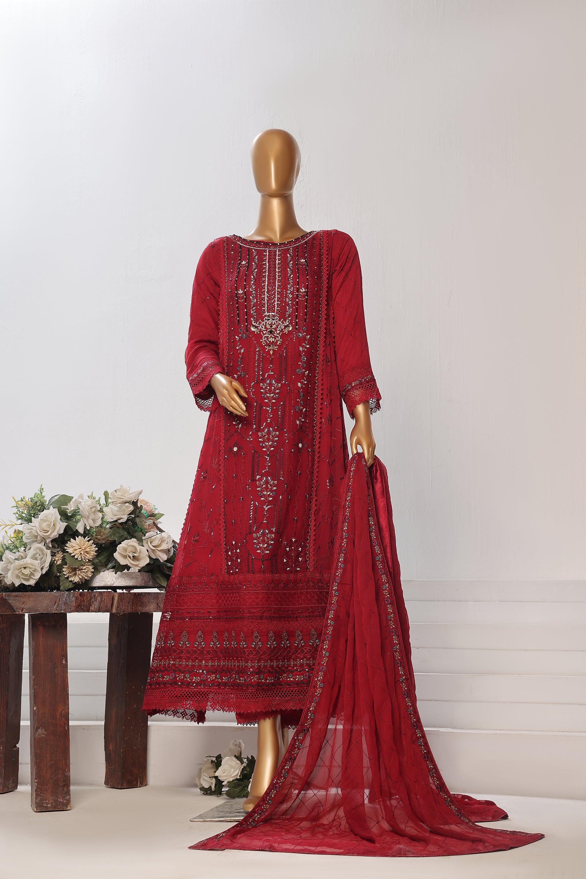 Cherry - Rangoon - Chiffon Ensemble by Maria Fabrics
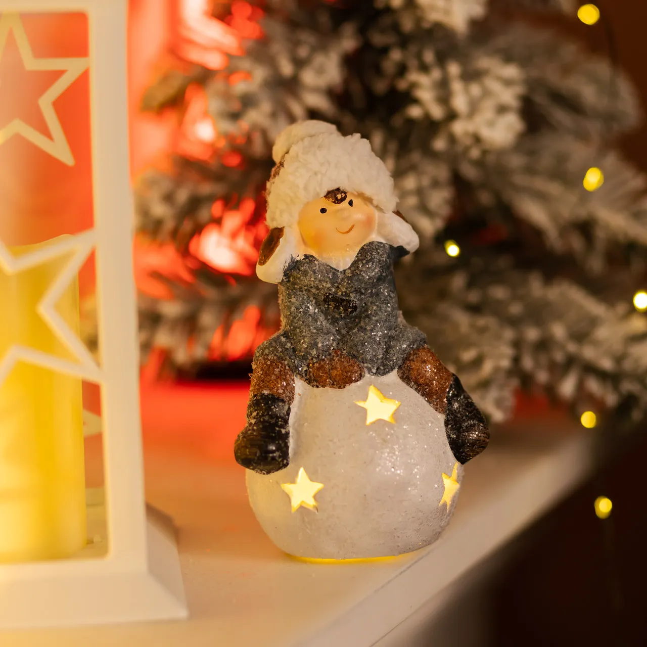 Новогодняя декоративная фигурка с подсветкой 10×8.5×16 см Новогодний декор Ребенок на снежном шаре из фарфора CR-5-20
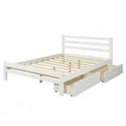 White Full Size Wood Platform Bed with 2 Drawers by Magic Home
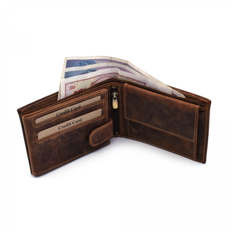 - 2 skrivena duboka dela koja se po sredini novčanika zatvaraju cipzarom
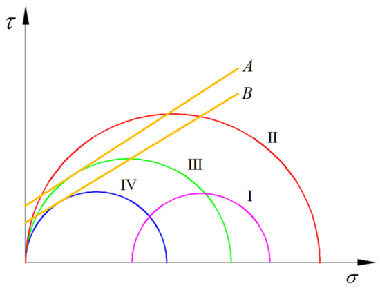 Affected by the spatial effect of excavation face, the deformation and stress release of surrounding rock need to go through a process. Near the excavation face, the deformation and stress release of surrounding rock are relatively small. As the distance from the excavation face increases, the deformation and stress release of surrounding rock gradually increase. Obviously, it is unreasonable to use the maximum stress P0 for a single support design. With the cyclic advancement of the excavation face, the deformation of the surrounding rock shows a non-linear and non-increasing trend until the deformation of the surrounding rock is in a stable period. In Figure 2, I represents the stress circle before excavation, II represents the stress circle immediately after excavation, III represents the stress circle shortly after excavation, IV represents the stress circle after excavation for a long time, A represents the envelope line after excavation, and B represents the long-term envelope.
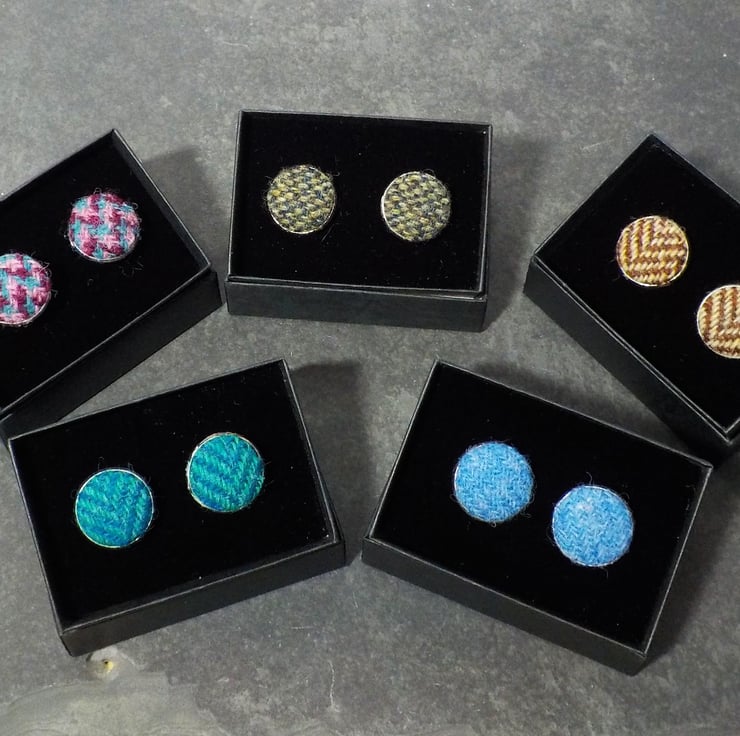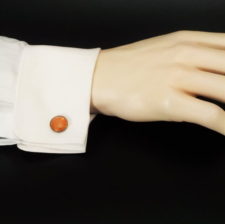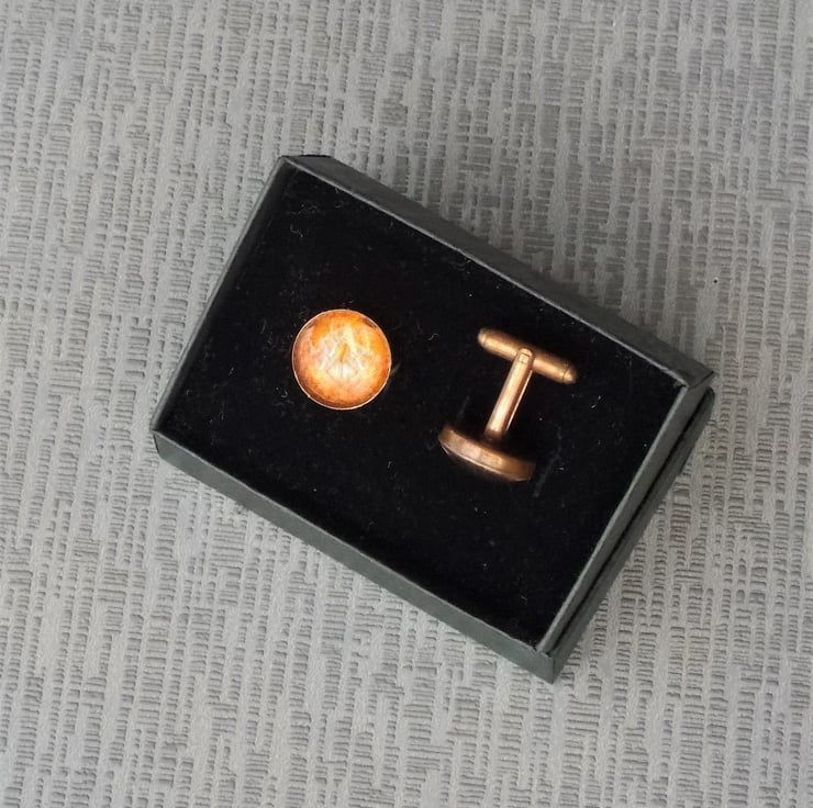 These Harris tweed cufflinks are ideal for that special occasion. I have used plain orange design fabric on a round coppertone metal base, and covered with a glass cabochon. Both beautiful and useful, these cufflinks will be worn and cherished for years to come.

PROBLEM REQUIREMENTS: Give back each entry exactly as it appears. Leave pictures out.

YOUR SOLUTION:
 Cherry - Rangoon - Chiffon Ensemble by Maria Fabrics
 Новогодняя декоративная фигурка с подсветкой 10×8.5×16 см Новогодний декор Ребенок на снежном шаре из фарфора CR-5-20
 White Full Size Wood Platform Bed with 2 Drawers by Magic Home
 - 2 skrivena duboka dela koja se po sredini novčanika zatvaraju cipzarom
 Affected by the spatial effect of excavation face, the deformation and stress release of surrounding rock need to go through a process. Near the excavation face, the deformation and stress release of surrounding rock are relatively small. As the distance from the excavation face increases, the deformation and stress release of surrounding rock gradually increase. Obviously, it is unreasonable to use the maximum stress P0 for a single support design. With the cyclic advancement of the excavation face, the deformation of the surrounding rock shows a non-linear and non-increasing trend until the deformation of the surrounding rock is in a stable period. In Figure 2, I represents the stress circle before excavation, II represents the stress circle immediately after excavation, III represents the stress circle shortly after excavation, IV represents the stress circle after excavation for a long time, A represents the envelope line after excavation, and B represents the long-term envelope.
 These Harris tweed cufflinks are ideal for that special occasion. I have used plain orange design fabric on a round coppertone metal base, and covered with a glass cabochon. Both beautiful and useful, these cufflinks will be worn and cherished for years to come.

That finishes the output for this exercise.